Jewellike in its intensity, Greg’s latest novel is a strong follow-up to her first.

A young woman starts college in early 1990s Poland.

Greg’s (Swallowing Mercury, 2017, etc.) second autobiographical novel picks up where her first one left off. Wiola, her young protagonist, leaves the remote Polish farm where she’s grown up and arrives in Częstochowa, a nearby city, to pursue college. The slim book is light on details regarding college itself. Instead, Greg focuses on the incidental conversations Wiola has with the various people she encounters. Her living situation is somewhat precarious—she stays, first, at a workers’ residence, then at a convent—so she has all sorts of conversations with all sorts of people. It’s 1994, and the Soviet Union has collapsed, but World War II is still fresh in many people’s minds. Wiola meets a woman who describes how German soldiers destroyed her family. “I began to hear gunfire coming from Warsaw Street,” she says, “and then they came for us.” But most of Wiola’s encounters are far more mundane than this one.

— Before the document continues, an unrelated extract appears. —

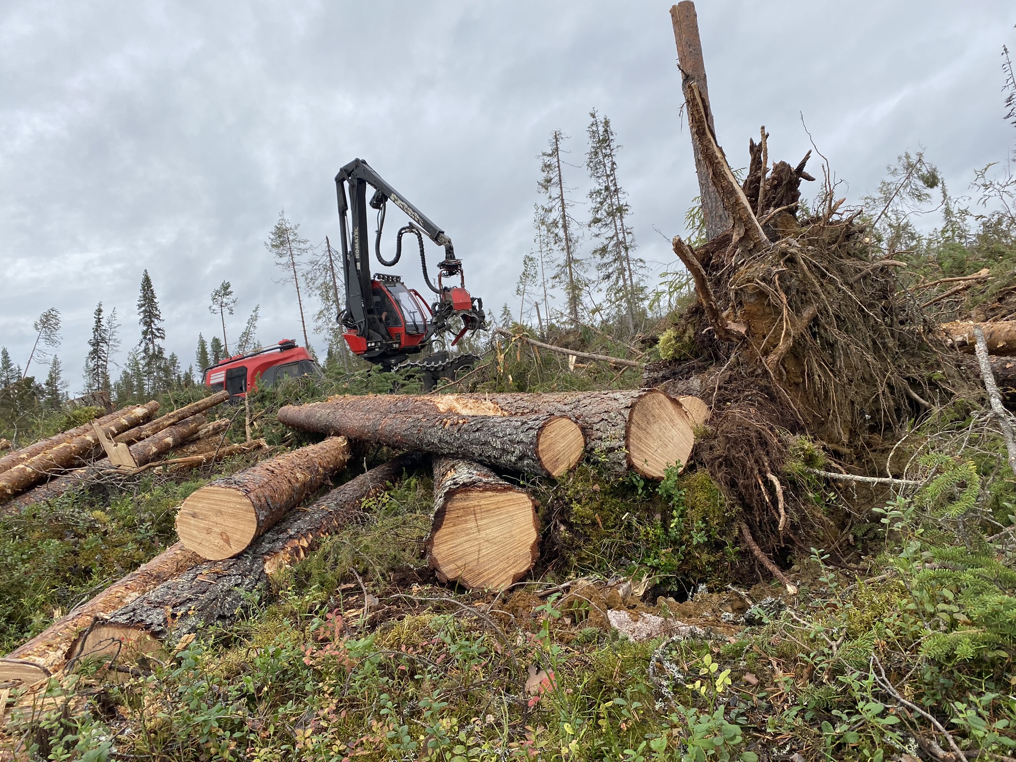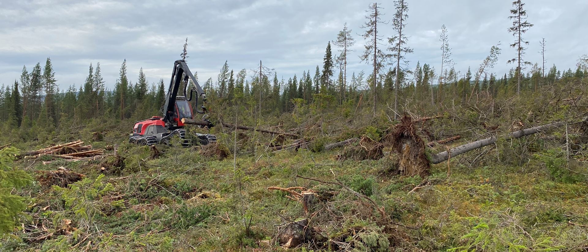 Men alla innovationer till trots, det är arbetet i maskinerna som gör att Sveaskog kan ta vara på virket och de stora värden som nu inte längre står upp utan mest ligger ner. En av maskinförarna är Johan Lundmark som kör skördare på området och tillhör ett av Sveaskogs egna lag med bas i Malå.

A florist at the market laments the rising cost of vodka (“I hate to think what’s next!”), and a sketchy character called Scurvy tells Wiola about his time in prison. Unlike Swallowing Mercury, this novel focuses primarily on the external—what Wiola sees as she walks about the city, what she hears—rather than her inner thoughts. Greg’s prose is pristine, each image crystalline in its clarity, but this is not a novel that covers large distances. By the end, Wiola has certainly traveled beyond her beginnings, but it takes subtlety to understand just how far she’s gone.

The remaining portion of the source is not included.